Computer Science 308-655
Parallel and Distributed Simulation

Instructor

Carl Tropper
Office:112N McConnell
email: carl@cs.mcgill.ca
Phone: 398-3743
Office hours:TBA
Course meets on:

Teaching assistant
Sina MerajiA
e-mail:smeraj@@cs.mcgill.ca
Office hours: TBA


Course Description: Discrete event simulation has long played a central role in modeling and design of large systems, both natural and man-made. Man-made systems include VLSI circuitry, computer systems and networks and manufacturing simulations. Natural systems include modeling of the brain and cosmology simulations. Really, the list is endless. As our desire to understand complicated natural phenomena and to build larger systems has grown, so have the size of the simulations. With the advent of parallel computers (think multi-core as well as distributed memory machines) our ability to simulate these systems can keep pace. Efforts to make use of parallel simulation include:

Like any distributed program, a distributed simulation is composed of processes which communicate with one another. This communication may occur via shared memory in a shared memory multiprocessor or via message passing in a distributed environment. The processes in distributed simulation are each intended to simulate a portion of the system being modeled and are referred to as Logical Processes (LPs). An LP creates events, sends events to other LPs and receives events from other LPs in the course of a simulation. Associated with each LP are input queues used to store messages from other LPs, state variables which reflect the state of the physical process which is being modeled, and a local simulation clock. The purpose of the simulation clock is to capture the advance of simulation time at each LP.

The treatment of time in a distributed system is of fundamental importance to understanding and building distributed systems. A distributed simulation poses a particularly vexing problem. In a uniprocessor, the events in a discrete event simulation are stored in a priority queue nd simulated in the order of the smallest timestamp first. This is easily done in a uniprocessor because all of the events in the simulation are stored in memory. In a distributed simulation, however, the events are spread out among the processors involved in the simulation. A causality violation occurs if we simulate an event at an LP and an event generated by another LP with a smaller timestamp arrives afterwards in real time. This late arrival can easily cause incorrect results in the simulation. In a military simulation it matters in which order the two events "aim the gun" and "fire the gun" are executed.

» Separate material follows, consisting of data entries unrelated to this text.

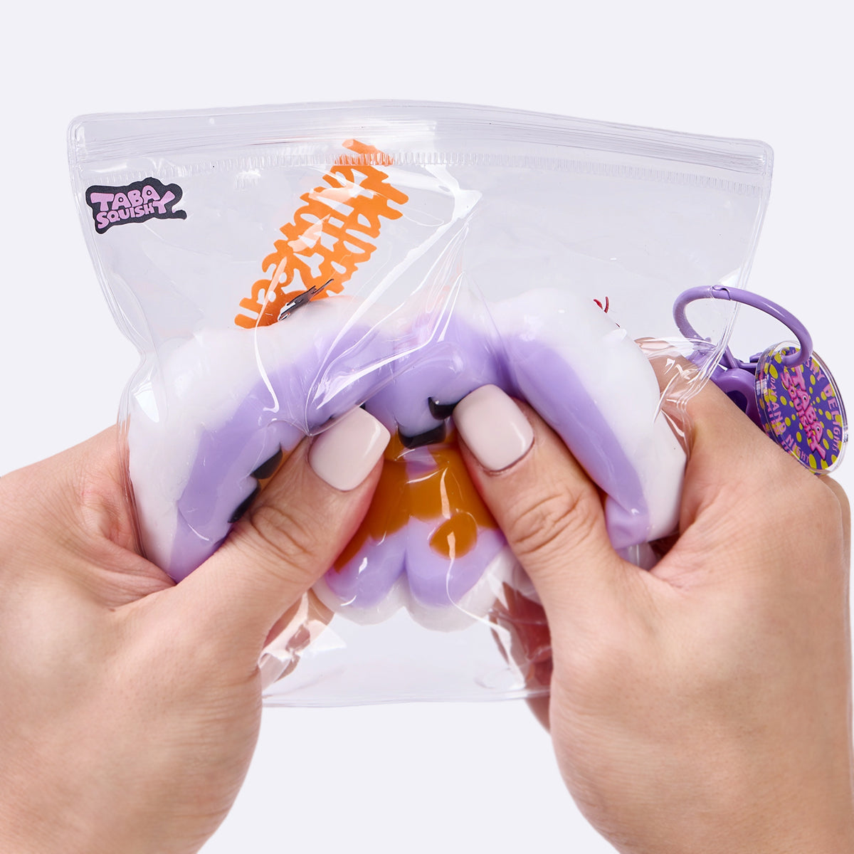 We recommend that you use the supplied food packaging bags to play with the toys. If you want to play with the squishies with bare hands, you can  put on disosable gloves before taking out to use it.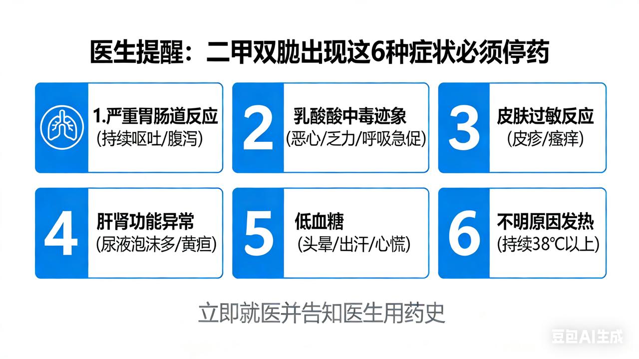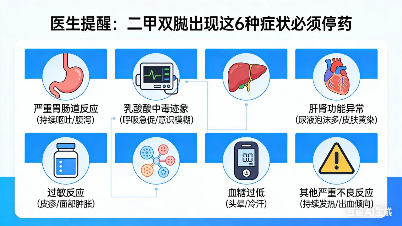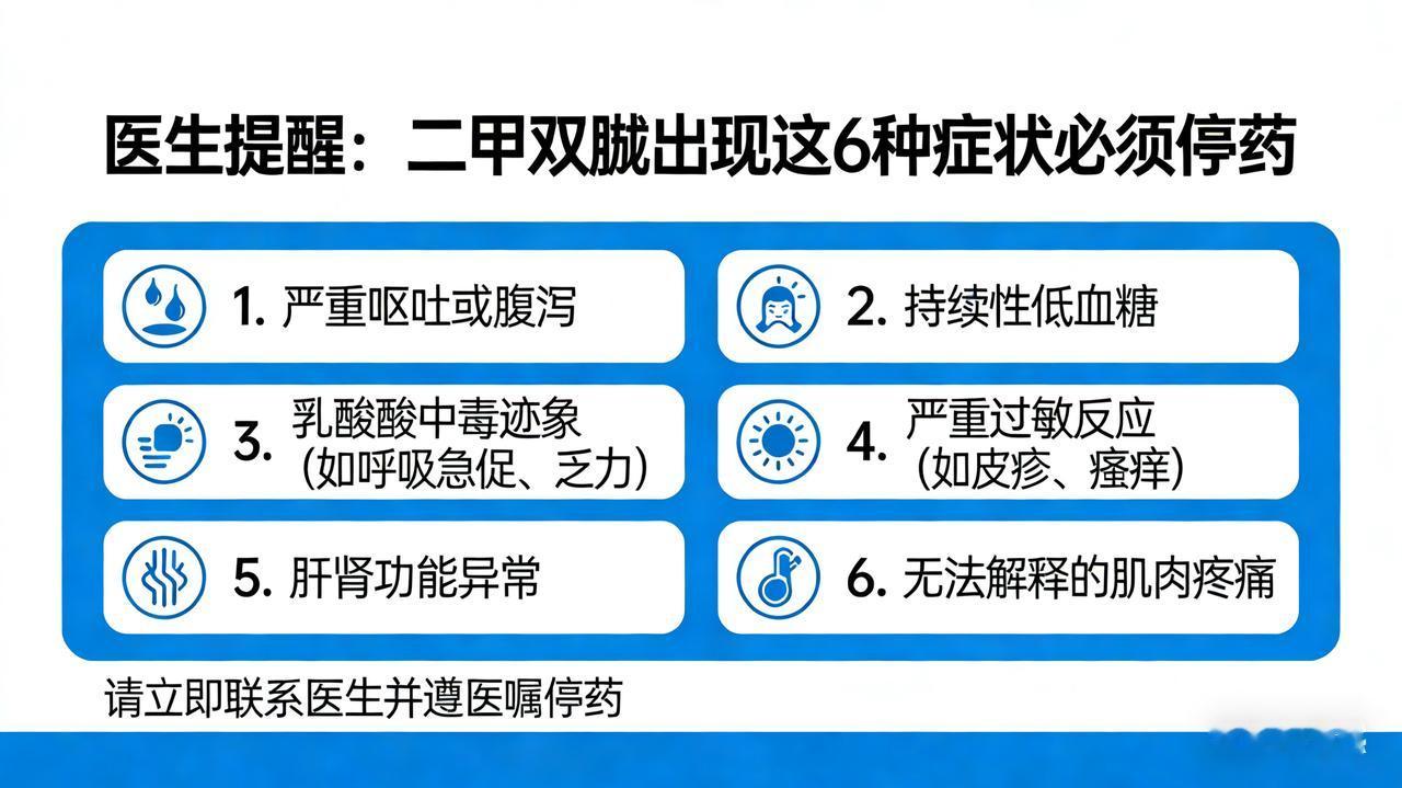 医生提醒:二甲双胍出现这 6 种症状必须停药 医生紧急叫停!服用二甲双胍若现这6大征兆,立刻停药别犹豫 二甲双胍虽是控糖基石,但绝非“万无一失”。作为临床医生,我们必须发出最高级别警示:是药三分毒,当身体出现以下6种“红色警报”时,继续服药无异于“服毒”,必须立刻停药并急诊就医! 1. 呼吸困难的“窒息感”(乳酸性酸中毒): 这是最致命的副作用。若出现深大呼吸(Kussmaul呼吸)、极度乏力、肌肉酸痛伴嗜睡,这是乳酸在体内堆积导致代谢性酸中毒的信号,死亡率极高,必须分秒必争停药抢救。 2. 剧烈的“胃肠崩溃”: 普通的恶心腹泻尚可耐受,但若出现持续性剧烈呕吐、严重腹痛或水样腹泻,导致脱水、电解质紊乱甚至体重骤降,说明胃肠道黏膜已严重受损,强行服药会引发穿孔风险。 3. 莫名的“冷汗与颤抖”(严重低血糖): 单用二甲双胍虽少见低血糖,但若联用胰岛素或磺脲类药物,一旦出现心慌、手抖、冷汗直冒甚至意识模糊,必须立刻停药补糖。低血糖的脑损伤比高血糖来得更凶猛。 4. 肾脏的“沉默求救”: 二甲双胍经肾排泄,若发现尿量骤减、眼睑或下肢浮肿、血肌酐异常升高,或肾小球滤过率(eGFR)低于45ml/min,意味着“排毒通道”堵塞。此时不停药,毒素积蓄将直逼尿毒症。 5. 手脚的“蚁行感”(B12缺乏): 长期服药会阻碍维生素B12吸收。若出现手脚麻木、刺痛、行走如踩棉花感,这是周围神经病变的征兆。若不停药并补充营养,神经损伤往往不可逆。 6. 皮肤的“过敏风暴”: 哪怕只是皮疹、瘙痒,若伴有喉头水肿或呼吸困难,这是过敏性休克前兆,必须立即停药并抗过敏治疗,切勿因症状轻微而侥幸。 用药是为了救命,而非冒险。请将这6条铁律转发给身边的糖友,关键时刻能保命!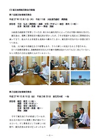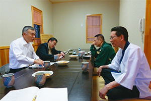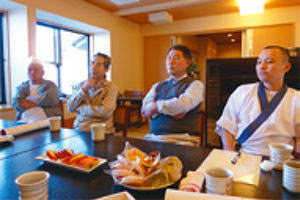 大船渡市、釜石市、山田町、宮古市、盛岡市において、被災地相談員、現地すし事業者との情報交換会を開催し、現地の状況把握、今後必要とされる支援策等について意見交換を行い、現地のニーズ把握を行いました。 平成27年10月1日 大船渡市 勇駒鮨 平成27年10月16日 釜石市 一助 平成27年10月26日 山田町 魚河岸 平成27年11月5日 宮古市 ふく留 平成28年2月22日 盛岡市 ホテル大観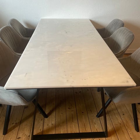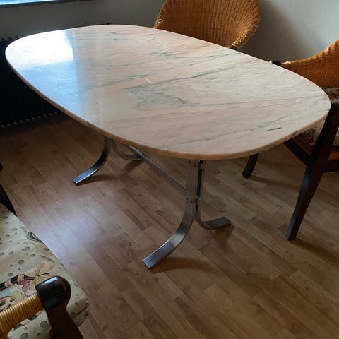 Meget flot spisebord i ægte marmor. Bordet er fra 1960 og har haft adskillige ejere igennem tiden og er blevet passet rigtig godt på siden det står som det gør. Bordet blev overfladebehandlet for 3-4 år siden da vi købte det. Vi flytter og har ikke plads til det i vores nye hus. Bemærk at bordet er meget tung og vil kræve at I kommer mindst 2 personer. Vi bor på anden sal - dog med bredde trapper så det er forholdsvis let at bære det ned. Metalbenene kan let adskilles.

The central problem of distributed simulation is the development of synchronization algorithms which are capable of maintaining causality and which do so with minimal overhead. This overhead can be in the form of increased memory demands and increased execution time. Two primary approaches to synchronization algorithms have been developed, the conservative and the optimistic classes of algorithms. A conservative algorithm is characterized by its blocking behavior. In a conservative simulation, if one of the input queues at an LP is empty, the LP blocks, awaiting a message from another LP. This behavior insures causality. However, it does so a price. To begin with, when an LP suspends processing there may be an increase in the execution time of the n addition, it is entirely possible for deadlocks to form. This occurs if a group of LPs is arranged in the form of a cycle such that each LP in the cycle is awaiting a message from its predecessor in the cycle. More generally, a deadlock occurs if a knot of LPs forms. Hence, if a conservative synchronization algorithm is used in a distributed simulation, it becomes necessary to either find means to avoid deadlocks or to detect and break them. There are a plethora of algorithms for each of these approaches.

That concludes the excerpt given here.